1900 International Lawn Tennis Challenge

Details
- Duration: 8 – 10 August 1900
- Edition: 1st
- Teams: 2

Champion
- Winning nation: United States

= 1900 International Lawn Tennis Challenge =

1900 edition of the International Lawn Tennis Challenge

The 1900 International Lawn Tennis Challenge was the first edition of what is now known as the Davis Cup.

==History==
The tournament was conceived in 1899 by four members of the Harvard University tennis team, who came up with the idea of challenging the British to a tennis competition.

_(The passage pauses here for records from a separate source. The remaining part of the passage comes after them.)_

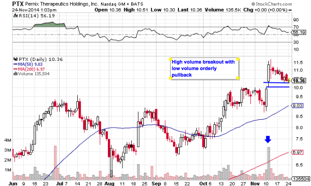 PTX is a good example of this setup. It broke out on strong volume and has now pulled back in orderly volume on low volume. This is the type of price and volume action we went to see for this setup.
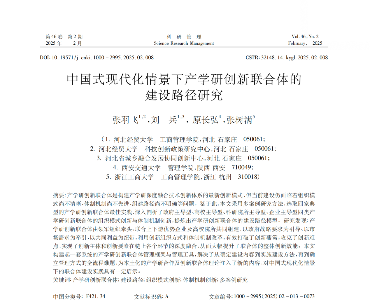 近日,Beat365中文官方网站讲师、Beat365中文官方网站科技创新政策研究中心副主任张羽飞博士作为第一作者撰写的论文《中国式现代化情景下产学研创新联合体的建设路径研究》在国家自然科学基金委员会认定的A类重要期刊《科研管理》正式刊出。
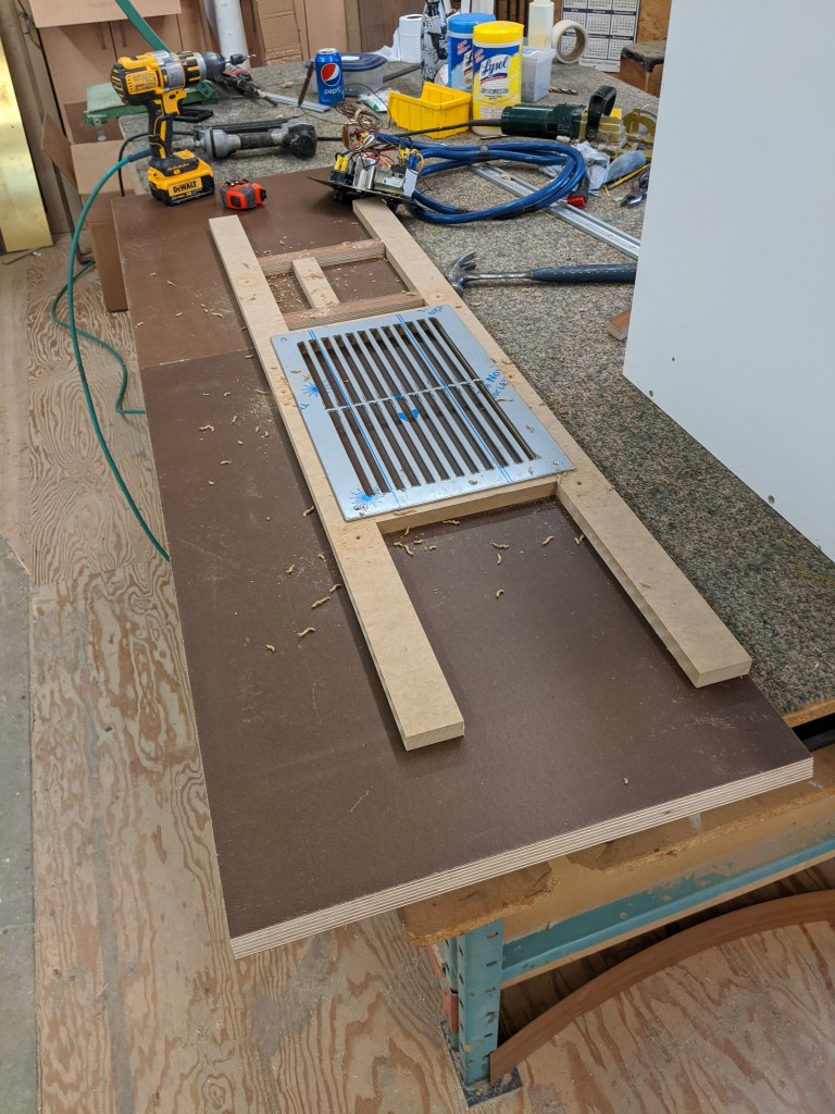 We had enough material for Donald to make up the panels for the face of this cabinet. Here he is laying out the cutouts for the air-conditioning vent and control panel. He does it this way so it can be cutout on the overhead router. He could have just used a jigsaw but this is Donald we are talking about. Even these cutouts…which will never be seen… have to look good. This is also why he is the one making the cabinets and not me.
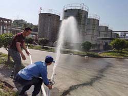 根據(jù)企業(yè)應(yīng)急預(yù)案要求及安全計(jì)劃安排,安全上樹(shù)立憂患意識(shí),做到常備不懈;5月12日公司安環(huán)部組織當(dāng)班操作工、動(dòng)力部安環(huán)部、生產(chǎn)部、倉(cāng)管人員進(jìn)行重大危險(xiǎn)源噴泡沫應(yīng)急演練。

Once the idea received the go-ahead from the United States Lawn Tennis Association and the British Lawn Tennis Association, Dwight F. Davis, one of the four Harvard players, designed a tournament format and spent money from his own pocket to purchase an appropriate sterling silver trophy from Shreve, Crump & Low. The first match between the United States and the British Isles was held at the Longwood Cricket Club in Boston, Massachusetts in 1900. The American team, of which Davis was a part, won the first three matches and the Challenge.

==Teams==

===United States===
- Dwight Davis: A left-hander who possessed the twist serve, backing this up with steady ground strokes and volleys. In 1899, Davis won the Intercollegiate and US National Doubles Championships with Ward.
- Holcombe Ward: A right-hander and credited with originating the twist serve. He won the Intercollegiate and US National Doubles Championships with Davis in 1899.
- Malcolm Whitman: A right-hander who appeared in the quarterfinals of the 1896 and 1897 US National Championships and won in 1898, defeating Dwight F. Davis in the all-comers final and receiving the title because 1897 champion Robert Wrenn was fighting in the Spanish–American War. Prior to the Challenge he had placed in the U.S. Top 10 three times, and was ranked No. 1 in 1898 and 1899.

===British Isles===
- Ernest Black
- Arthur Gore: A right-hander who appeared in the semifinals of the 1898 Wimbledon Championships, the Challenge Round of the 1899 Championships - losing to Reginald Doherty - and the all-comers final of the 1900 Championships, losing to Sydney Smith.
- Herbert Roper Barrett: A right-hander who appeared in the semifinals of the 1899 Wimbledon Championships and the quarterfinals of the 1900 Championships. He also teamed with Harold Nisbet to reach the Challenge Round in the doubles at the latter Championships, losing to Laurence and Reginald Doherty.